- What the task asks
Counting only lines below that contain the string "auch", give the total as a single number.

- Provided entries
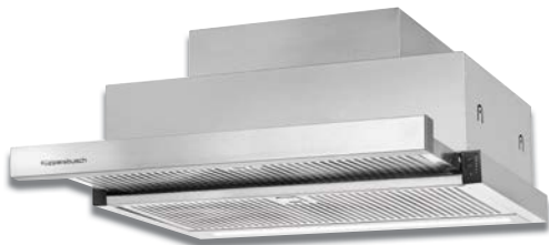
Abbildung mit Griffleiste Zub.-Nr. 6500
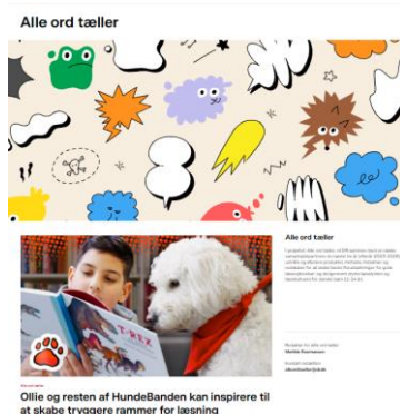
Ollie og resten af HundeBanden kan inspirere til at skabe trykrammer for læsning

HundeBanden er 12 tv-udsendelser fra DR Ramasjang, hvor de fire skønne hunde Power, Chloé, Ollie og Messi på skift optræder i forskellige scenarier.
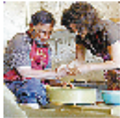
Lieu de pratique artistique
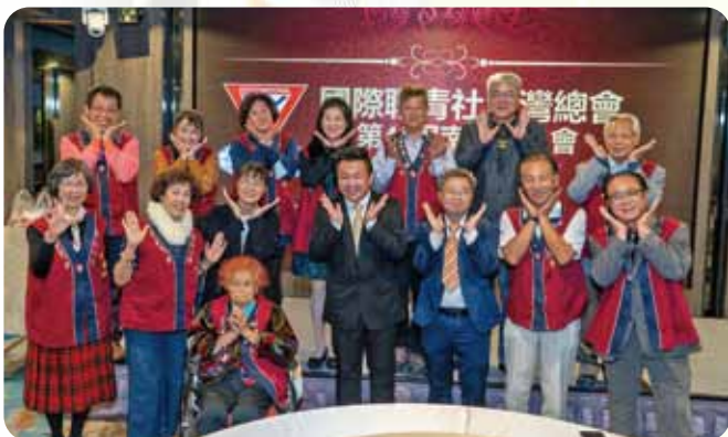
南區聯合例會～屏東社
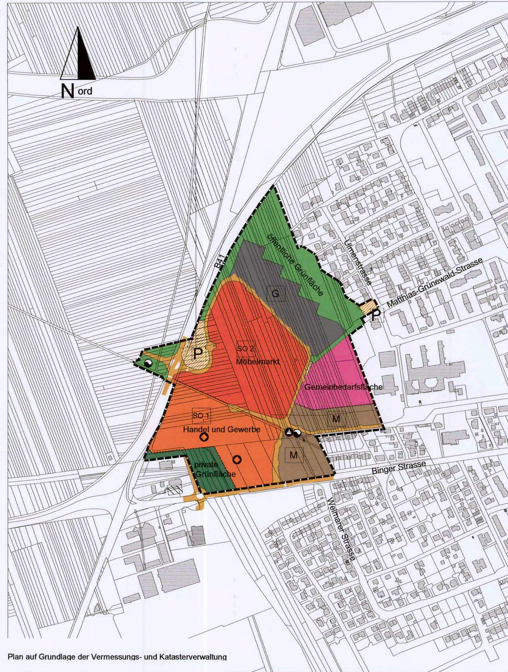
Plan auf Grundlage der Vermessungs- und Katasterverwaltung
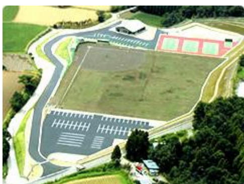
【病院グラウンド】 野球場、テニスコート
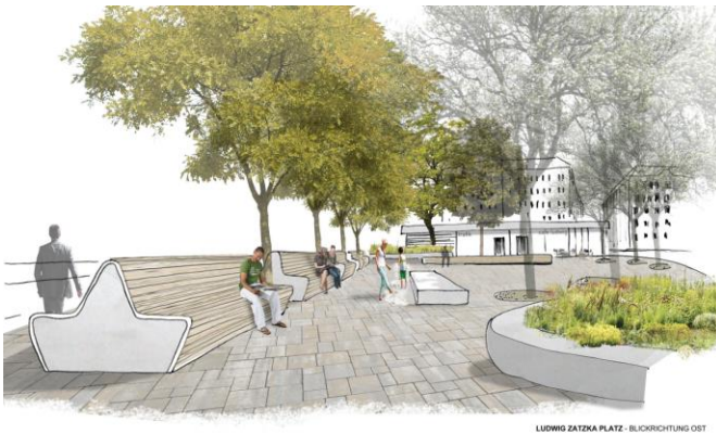
Abbildung 4 Entwurf Hauptplatz 2017
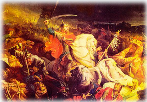
Куликовская битва. Художник А. Ивон. 1850 г

В фонде Национальной библиотеки Республики Адыгея имеется значительное количество литературы о Куликовской битве и о князе Дмитрии Донском. Это художественные произведения, документально-исторические исследования, энциклопедические материалы и статьи из периодических изданий.
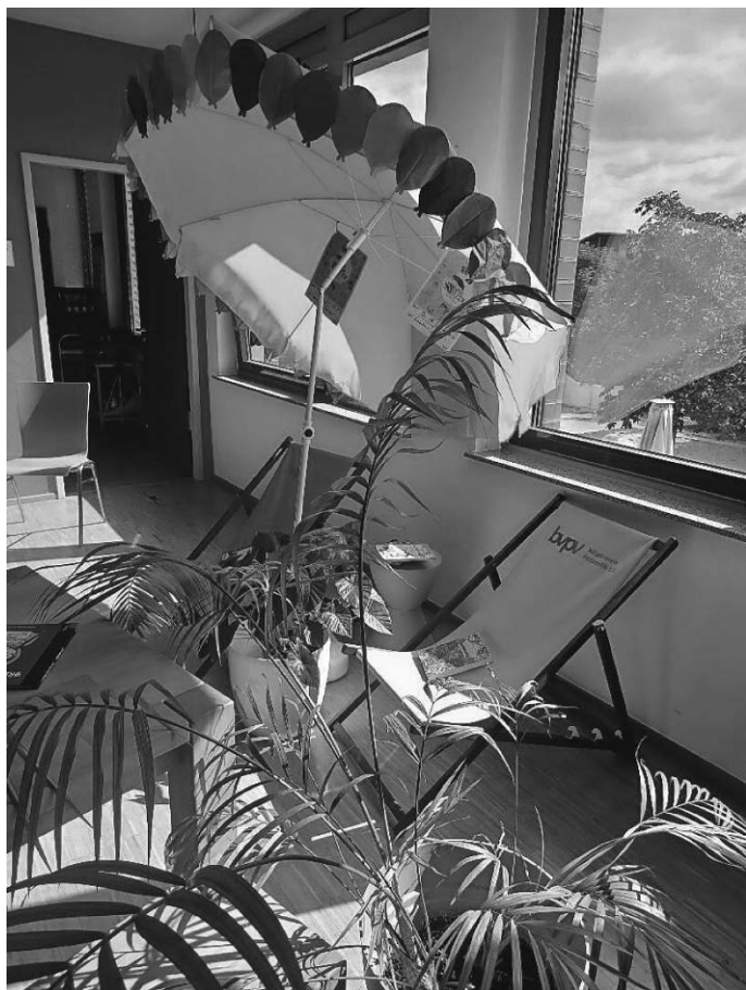
HAL verändert auch unsere Bücherei ein bissle...

Die Bücherei Pattonville ist auch auf Instagram zu finden: @buechereipattonville Wir werden in den Ferien vermehrt Lesetipps dort posten! Bis dann!
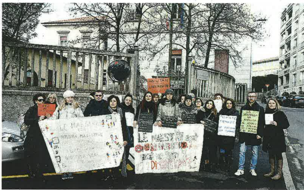
La protesta dello scorso gennaio fuori dalla sede dell'Ufficio scolastico provinciale
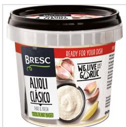
Bresc Alioli Clásico 325g
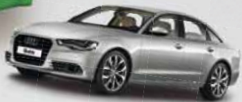
A6 EDITION 2.0 TFSI 132 kW
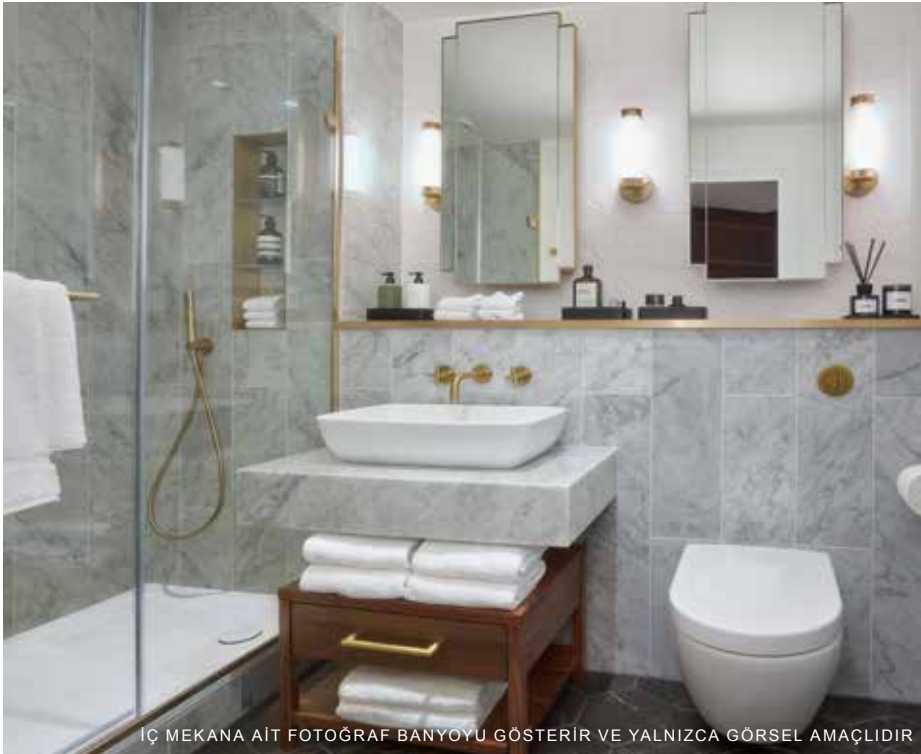
İÇ MEKANA AIT FOTOĞRAF BANYOYU GÖSTERİR VE YALNIZCA GÖRSEL AMAÇLIDIR

*Tahmini hizmet ücreti yalnızca itibari bir değerdir ve değişikliğe tabidir. İtibari değer 08/20 tarihlidir ve hazırlık aşamasından yasal tamamlama aşamasına kadar olan sürede ortaya çıkabilecek perakende fiyat endeksi, enflasyon v.b. artışları kapsamaz. Hizmet ücretini etkileyebilecek değişiklik koşulları, bunlarla sınırlı olmamak üzere, sektörde veya devlet kanunlarındaki değişiklikleri, beklenmeyen masrafları ve St George'un kontrolü altında olmayan diğer her türlü hususu içermektedir. Alanmış Yönetici Acente, ruhsatlar ve izinler, devren kiralama, yasal prosedürler ve yeniden satış/satış paketi dahil ancak bunlarla sınırlı olmayan öğeler için, hizmet ücretinin dışında ilave ücretler tahsil edebilir.
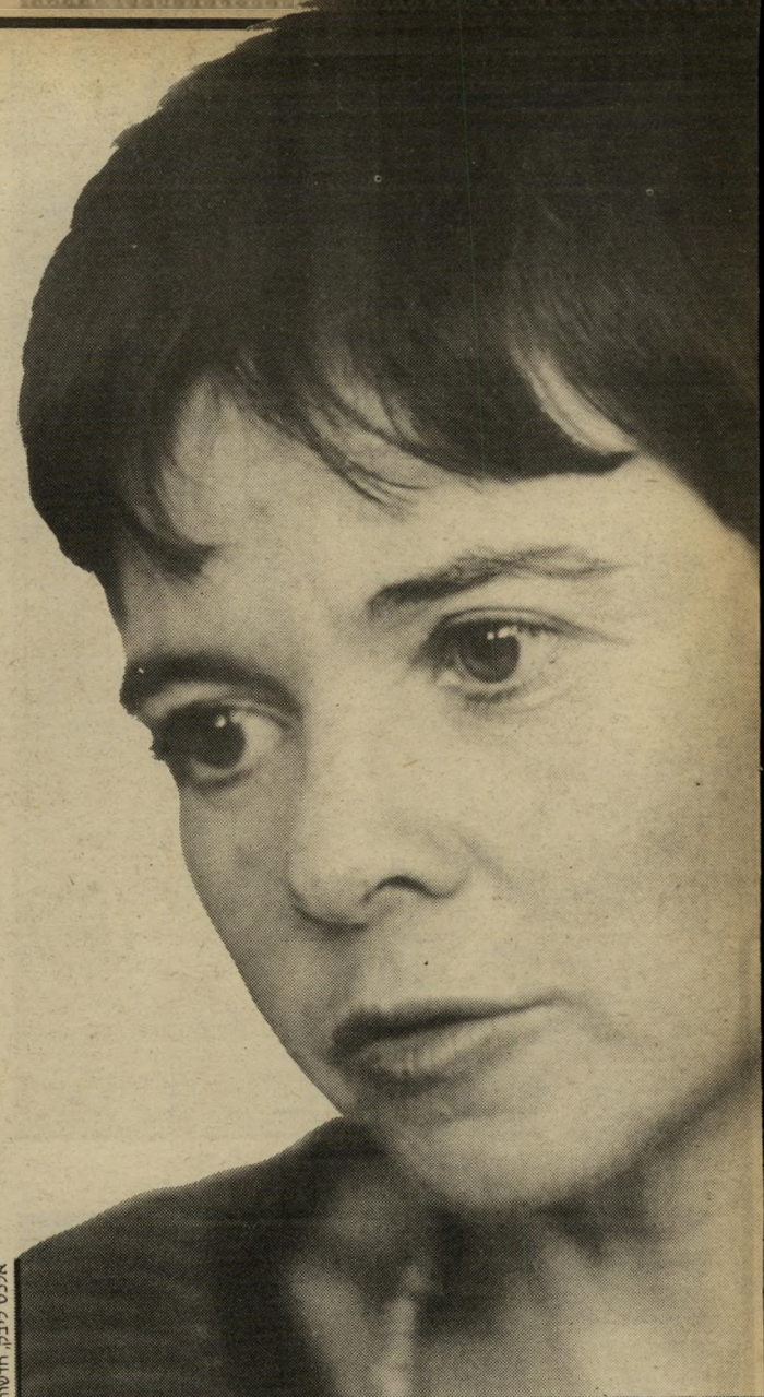
אם טלילה שפר, סמה הייתי אני עושה?"

עליפי ההלכה רשאית האשה להפי' סיק את ההריון רק עד ליומו ה-40. בדיקת מיישפיר נערכת החל מהשבוע ה-16 להריון. ההלכה אינה מצליחה למצוא פיתרון לבעיה זו. בדיקת סטייהשלייה, הדומה במהר' תה לבדיקת מיישפיר, עשויה לעזור לנשים החרדיות. זוהי בדיקה חדשה. דגימה עוברית נלקחת מהנרתיק, ולא ולחצויה בהם. אחר-כך הוא מתעורר, חדל לאכול, אינו מחייך. פיגור שיכלי מופיע ומן קצר אחרי תחילת המחלה. תוחלת החיים: ארבע שנים. המחלה עוברת בתורשה. אם שני ההורים נושאים גן לטייזוקס, קיים סיכון של 25 אחוזים שהילד שיוולד יהיה חולה. כאשר רק אחד מבני-הזוג נושא את הגן הפגום, קיימת אפשרות
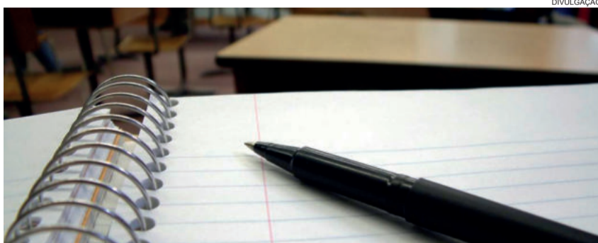
Seleção parte da análise de currículos

Podem concorrer estudantes de Magistério, Pedagogia ou outro curso de Graduação ou Pós-graduação na área de Educação
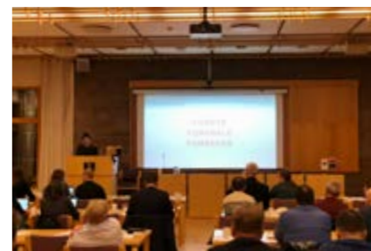
>> Foredrag: Tjenestedesign
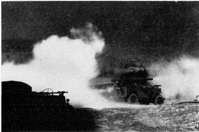
106-mm-BAT, Feuer ab Jeep

Anders liegen die Verhältnisse, wenn der BAT-Zug zur Verstärkung der Pzaw. in ein allgemeines Abwehrdispositiv eingliedert wird. Hier befindet man sich an der Hauptfront, und der BAT-Zug löst nicht mehr die Hauptaufgabe, sondern er ist spezialisierter Helfer. Er wird daher kommandomäßig stets dem Chef des betreffenden Frontabschnitts unterstellt; hier gehört der Befehl dem Infanteristen, jedoch sollte das Kommando nie weiter als bis zur Stufe Kp. hinabdelegiert werden, weil sowohl Stellungs- wie Feuerraum des BAT-Zuges den Abschnitt eines
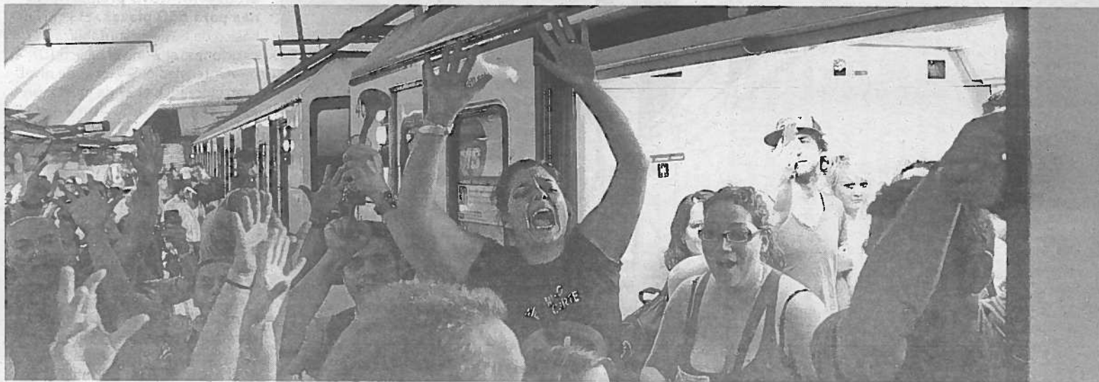
Una multitud de personas, trabajadores del sector de los transportes públicos, interrumpió ayer el servicio de la línea 1 del Metro de Barcelona.
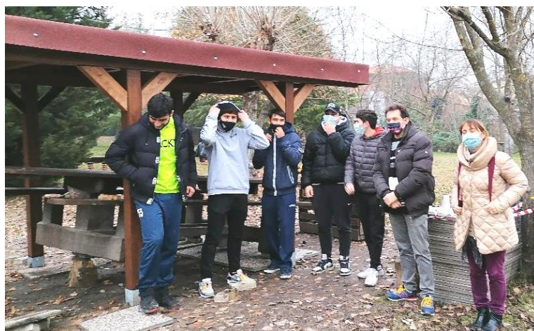
I nuovi gazebo nel Parco del Donatore
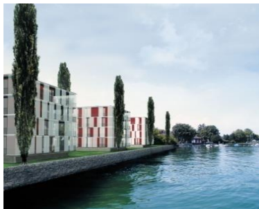
Wohnen Seeufer, Staad (CH)
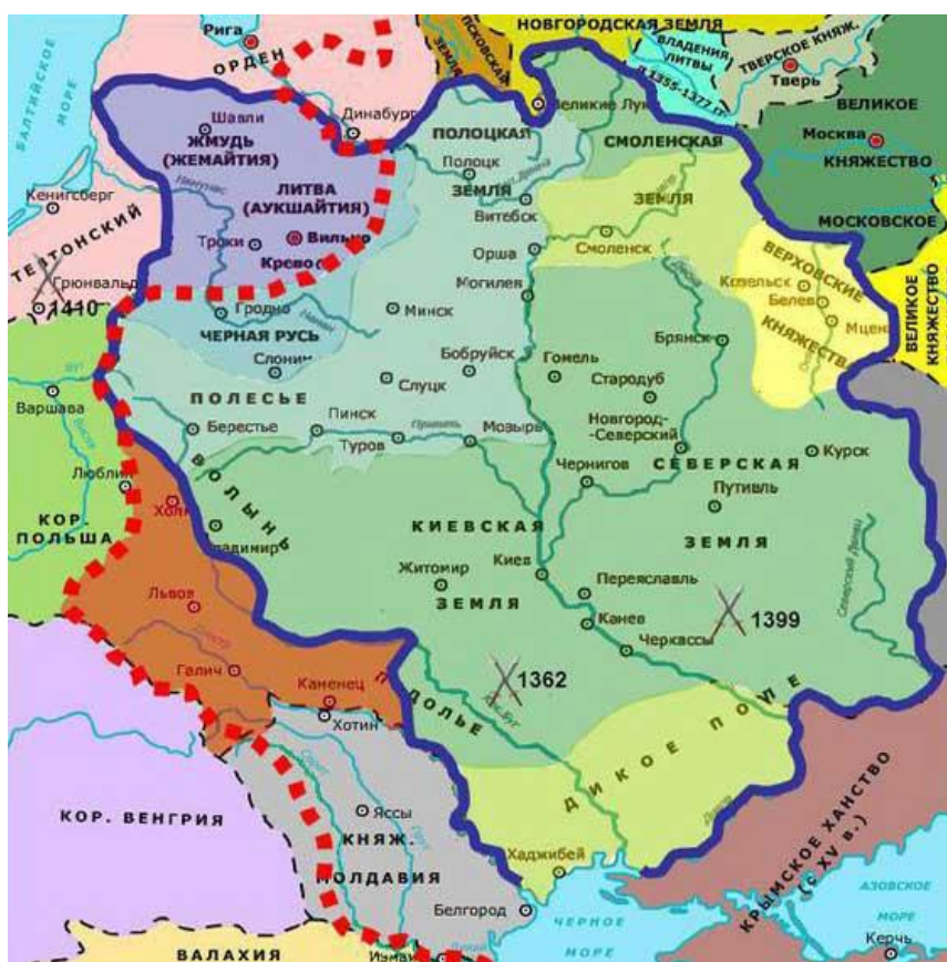
Рис. 3. Княжество Литовское в XIV веке

Великое княжество Литовское, Русское, Жемойтское и иных, сокращённо: Великое княжество Литовское – восточноевропейское государство, существовавшее с первой половины XIII века по 1795 год на территории современных Литвы, Белоруссии, Украины и России. Карта княжества Литовского в XII–XV века представлена на рис. 3.
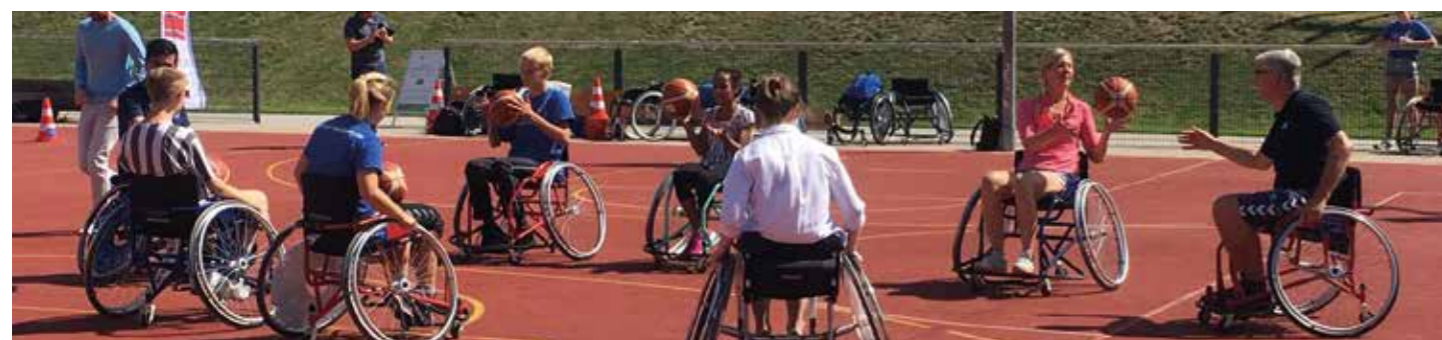
Warm Up im Rollstuhl
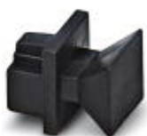
RJ45 孔式连接器的防尘盖
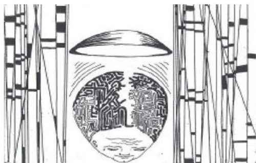
Рис. И. Бедросовой

Засыпал он плохо. А когда заснул, ему приснились неслучившиеся неприятности.
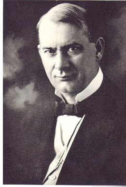
Joseph Franklin Rutherford, tercer presidente de la Torre de Vigilancia. c. 1910. Conocido como "Juez Rutherford". www.wikipedia.org
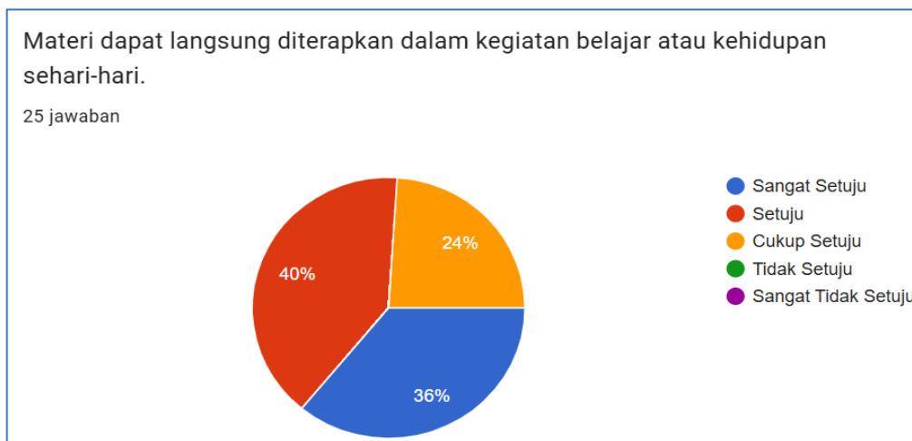
Gambar 6. Materi dapat di terapkan pada proses pembelajaran

- Finished task
2